Accordingly, we affirm defendant's conviction.

NOTES

[*] Circuit judge, sitting on the Court of Appeals by assignment.

[1] We find no merit in defendant's contention that the trial court erred in limiting defendant's cross-examination of the treasury agents, thus preventing the existence of the subpoena from coming to light at his trial. Our review of the cross-examination as well as a subsequent discussion by defense counsel reveals that the trial court limited the cross-examination only in regards to the defendant's selective prosecution theory and not in other areas.

[2] MCL 205.3(a); MSA 7.657(3)(a) grants transactional immunity. Transactional immunity has been defined as "immunity from prosecution for offenses to which compelled testimony relates." Use immunity is defined as immunity from "use of compelled testimony and evidence derived therefrom." Kastigar v United States, 406 US 441, 443; 92 S Ct 1653; 32 L Ed 2d 212 (1972); People v Patterson, 58 Mich App 727, 730; 228 NW2d 804 (1975), lv den 394 Mich 796 (1975). The Kastigar holding was that a use immunity statute was coextensive with the Fifth Amendment privilege. It follows that transactional immunity affords a witness considerably broader protection than does the Fifth Amendment. Kastigar, supra, p 453.

Defendant's abbreviated argument couches the analysis only in terms of his privilege against self-incrimination, which will be the same under either use or transactional immunity statutes. We need not decide if some other additional protection afforded by a broader transactional immunity can bring defendant within the protection of a statute applying to his accountant. We think, however, that the same reasoning as used for the Fifth Amendment privilege and the clear wording of the statute require that even the broader transactional immunity protection be personal to the person testifying or producing evidence, not a third party incidentally incriminated.
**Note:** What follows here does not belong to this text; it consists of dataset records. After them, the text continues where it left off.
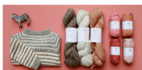
Strikkepinden - og den lille Zebra Jærgårdsgade 42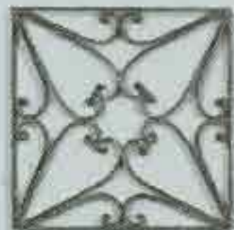
4314 250 x 250 □ 10 x 3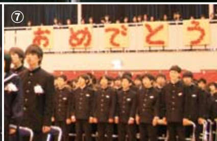
①⑥⑦は東海南中学校、②③④⑤は東海中学校の卒業式の様子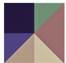
kolor indywidualny Możliwość barwienia betonu w masie, wymaga indywidualnej konsultacji.

[3] We note that defendant has not raised any claim pertaining to an accountant-client privilege such as that found in MCL 339.713; MSA 18.425(713). We have not been given sufficient facts concerning the nature of the records defendant's accountant allegedly produced to decide such a claim even if it were properly before us. The lack of a federal accountant-client privilege was noted in Couch v United States, 409 US 322, 335; 93 S Ct 611; 34 L Ed 2d 548 (1973), wherein the Court also noted the lack of justification for such a privilege where records relevant to income tax returns are involved in a criminal investigation or prosecution. Cf. Fisher v United States, 425 US 391, 404-405; 96 S Ct 1569; 48 L Ed 2d 39 (1976), which analyzed a situation similar to the facts of the instant case but involving an attorney-client privilege. The Court concluded that whether documents obtained by the taxpayers from their accountant and transferred to their attorneys for legal advice were obtainable by a summons directed to the attorney depended on whether the same documents would have been obtainable directly from the taxpayers, which question had to be answered in terms of the Fifth Amendment privilege against self-incrimination.